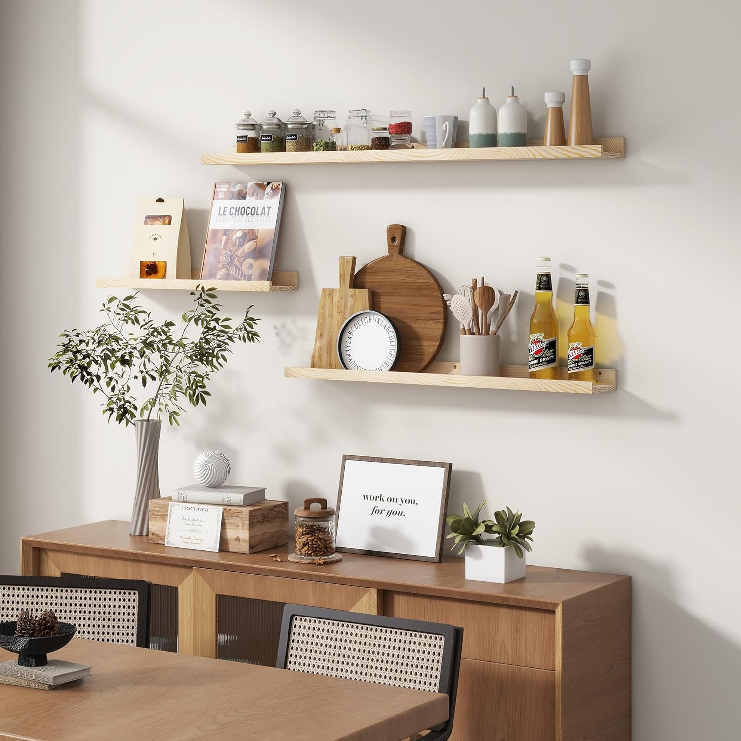 Picture Ledge Shelf for Wall, 24 inches Solid Pine Wood Nursery Book Shelves 3 Packs, Floating Ledge Shelves for Kids' Room Bedroom Bathroom Living Room Photo Frames Office Nursey Wall Decor, Natural
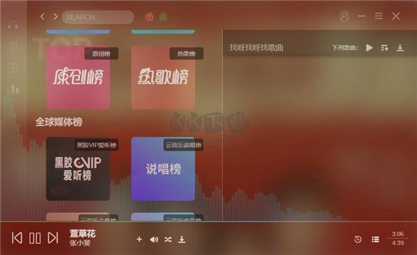4、由于該軟件具有網(wǎng)易和QQ的雙平臺引擎,因此您可以在一秒鐘內(nèi)輕松切換帳戶,歌曲搜索結(jié)果和歌曲列表建議。
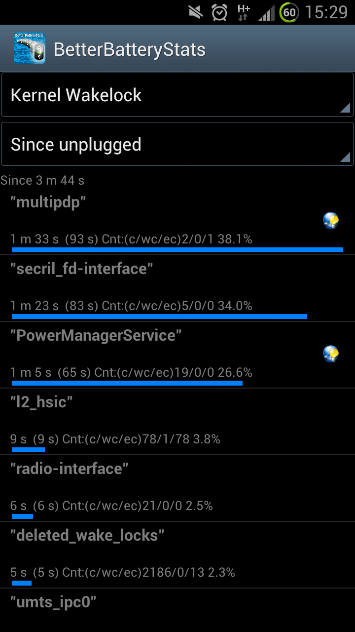 另有他人指出,如果用BetterBatteryStat 查看有出現"secril_fd-interface"的話
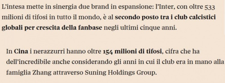 报谈写谈:“这项合同让两个处于彭胀中的品牌变成协同效应。国米在世界领有逾越5.33亿球迷,是昔时五年中世界粉丝增长速率第二快的足球俱乐部。”
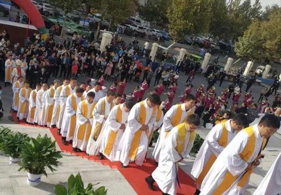 本台消息:今日,邯郸教区新主教座堂,一片喜庆,在南门里和曹庄的乐队演奏声中,迎来了启用以来第一次的司铎祝圣大典。礼仪由上午九时开始,经过主教府面前的丛台区丰收路,礼仪队伍缓缓进入主教府座堂。据邯郸教区办公室主任张神父介绍,此次祝圣典礼由邯郸教区助理主教孙继根主教主礼,来自于本教区和兄弟教区一百一十多位神父、五位执事、百余名修女以及新铎的家人朋友、周边堂区的教友千余人参与了这次盛典。
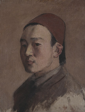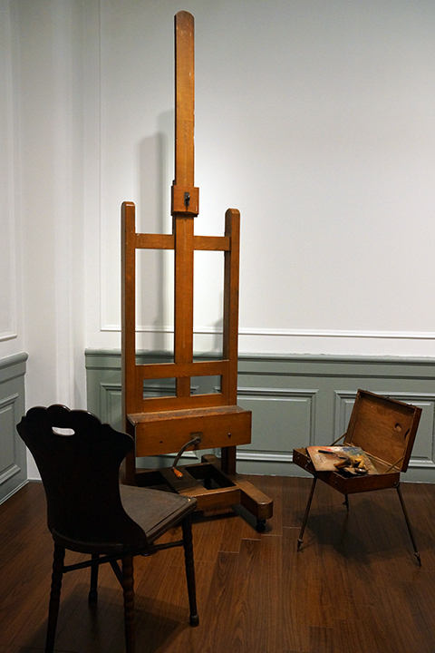 This easel was used by Kuroda. In a picture of his studio shot around 1907, Kuroda and this easel can be seen. Exhibits in the memorial room are periodically changed so that visitors can see his paintings and drawings chronologically. Now art works created when he stayed in France and after he returned home are exhibited. For example, this painting titled "A Nap" was created when he rediscovered Japanese customs after coming back to Japan. One of Kuroda's missions was to have Western art take root in Japan. He tried to achieve the goal by expressing Japanese customs with Western techniques. However, he was appointed to a variety of important posts since the end of the Meiji Period, so compared to other artists, he was not prolific, and most of the paintings he created in his later years are small. (continued in the lower column)

# # # #

The response is the full listing, copied exactly, with the pictures omitted.

 Picture Ledge Shelf for Wall, 24 inches Solid Pine Wood Nursery Book Shelves 3 Packs, Floating Ledge Shelves for Kids' Room Bedroom Bathroom Living Room Photo Frames Office Nursey Wall Decor, Natural
4、由于該軟件具有網(wǎng)易和QQ的雙平臺引擎,因此您可以在一秒鐘內(nèi)輕松切換帳戶,歌曲搜索結(jié)果和歌曲列表建議。
 另有他人指出,如果用BetterBatteryStat 查看有出現"secril_fd-interface"的話
 报谈写谈:“这项合同让两个处于彭胀中的品牌变成协同效应。国米在世界领有逾越5.33亿球迷,是昔时五年中世界粉丝增长速率第二快的足球俱乐部。”
 本台消息:今日,邯郸教区新主教座堂,一片喜庆,在南门里和曹庄的乐队演奏声中,迎来了启用以来第一次的司铎祝圣大典。礼仪由上午九时开始,经过主教府面前的丛台区丰收路,礼仪队伍缓缓进入主教府座堂。据邯郸教区办公室主任张神父介绍,此次祝圣典礼由邯郸教区助理主教孙继根主教主礼,来自于本教区和兄弟教区一百一十多位神父、五位执事、百余名修女以及新铎的家人朋友、周边堂区的教友千余人参与了这次盛典。
 This easel was used by Kuroda. In a picture of his studio shot around 1907, Kuroda and this easel can be seen. Exhibits in the memorial room are periodically changed so that visitors can see his paintings and drawings chronologically. Now art works created when he stayed in France and after he returned home are exhibited. For example, this painting titled "A Nap" was created when he rediscovered Japanese customs after coming back to Japan. One of Kuroda's missions was to have Western art take root in Japan. He tried to achieve the goal by expressing Japanese customs with Western techniques. However, he was appointed to a variety of important posts since the end of the Meiji Period, so compared to other artists, he was not prolific, and most of the paintings he created in his later years are small. (continued in the lower column)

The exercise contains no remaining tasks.